I have co-workers from all parts of the world -- from Argentina, China, Greece, Japan -- as well as from all parts of the United States. There are often fascinating differences among us, of course, though I am as often struck by how much alike we are.

Still, it is the colleagues from the American south with whom I have the best conversations. The shared cultural background means there is much we can leave unsaid, because we all know certain things. The subtle art of biscuit-making, for example, or the etiquette of funeral casseroles. Pralines.

Near Christmas, I often bring in pralines made from my great-grandmother's recipe. Everyone likes them, but the people with roots in the Gulf Coast appreciate them more deeply than do the Midwesterners, probably in part because they had grandmothers or great-grandmothers who made pralines too. Some of them even have the recipes, though sometimes the recipes have been lost due to someone (if not the grandmother, then an aunt) keeping them secret and not bequeathing them to the next generation.

I don't much care for the idea of secret recipes or secret ingredients, and I care even less for losing something beautiful and perfect in the mists of time when it's so easy to pass it along. Do I fear that someone will take it over and displace me? No, honestly. Even if you do use the same recipe, you will not make exactly the same pralines I do.


These are not hard to make, but if you are not an experienced candymaker, you should use a candy thermometer. This recipe makes about two and a half dozen tablespoon-sized pralines.

2 cups granulated sugar
1 cup light brown sugar
3/4 cup half and half
2 cups pecan halves
2 tbs butter
1/8 tsp salt
1 tbs vanilla extract

In a heavy saucepan combine sugars and half and half. Bring to a boil, stirring occasionally.

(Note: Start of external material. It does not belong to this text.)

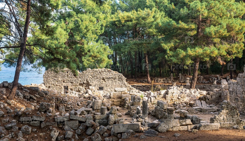 Вид на заросшие руины древнего города Фаселис с остатками зданий и центральной улицей

Continue boiling until mixture reaches 228 F on a candy thermometer. Stir in nuts, butter, and salt. Cook, stirring, until some candy dropped into cold water forms a soft ball, 236 F on the candy thermometer.

Remove pan to a wire rack. Stir in vanilla, beat until almost thick, then drop by tablespoonfuls onto oiled waxed paper or parchment paper. Cool completely. Store between layers of waxed (or parchment) paper in a cool, dry place.